• The data
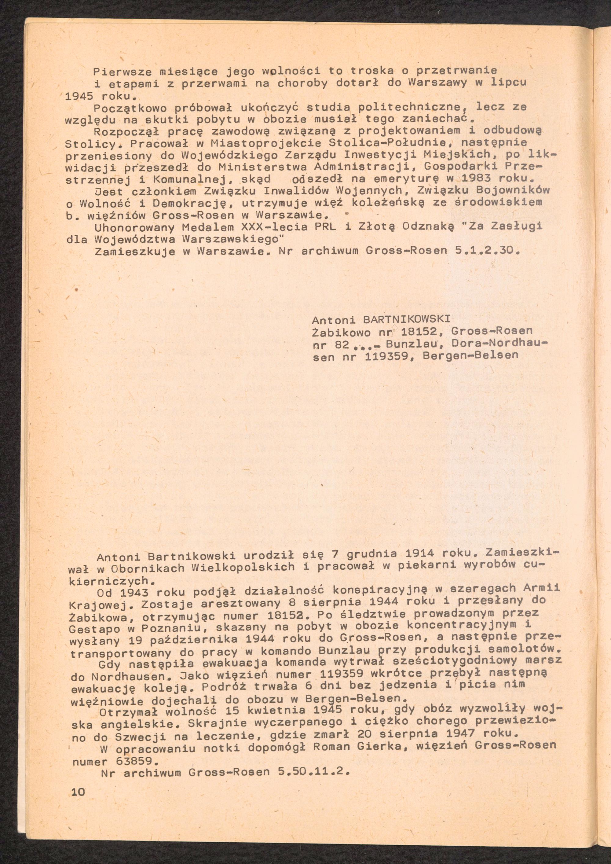 1987: Przezylismy Gross Rosen Tom IV, Biografie wieczniow, Zeszyt 6
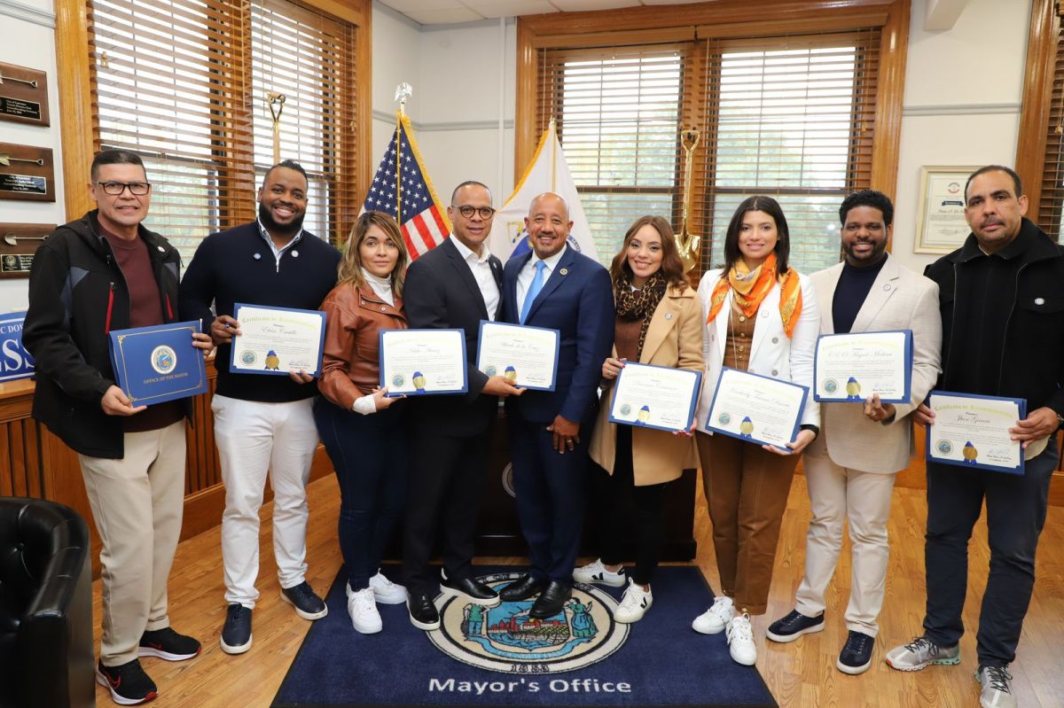 Lawrence, Massachusetts.– El alcalde de esta ciudad, Brian De Peña, entregó reconocimientos especiales al Grupo de Medios Panorama, al doctor Ricardo Nieves y a los integrantes del programa Panorama de la Mañana: Elvin Castillo, Alfredo de la Cruz, Dannira Caminero, Kimberly Taveras y Nilda Analiz, por la transmisión especial realizada en Boston, Estados Unidos.
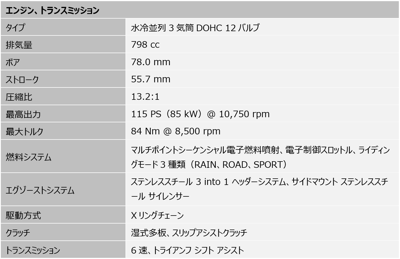 新型の798cc三気筒エンジンが生み出す115PSの最高出力と83Nmの最大トルク

• Directions
Copy the listing exactly. Leave the pictures out.

• Task solution
 1987: Przezylismy Gross Rosen Tom IV, Biografie wieczniow, Zeszyt 6
 Lawrence, Massachusetts.– El alcalde de esta ciudad, Brian De Peña, entregó reconocimientos especiales al Grupo de Medios Panorama, al doctor Ricardo Nieves y a los integrantes del programa Panorama de la Mañana: Elvin Castillo, Alfredo de la Cruz, Dannira Caminero, Kimberly Taveras y Nilda Analiz, por la transmisión especial realizada en Boston, Estados Unidos.
 新型の798cc三気筒エンジンが生み出す115PSの最高出力と83Nmの最大トルク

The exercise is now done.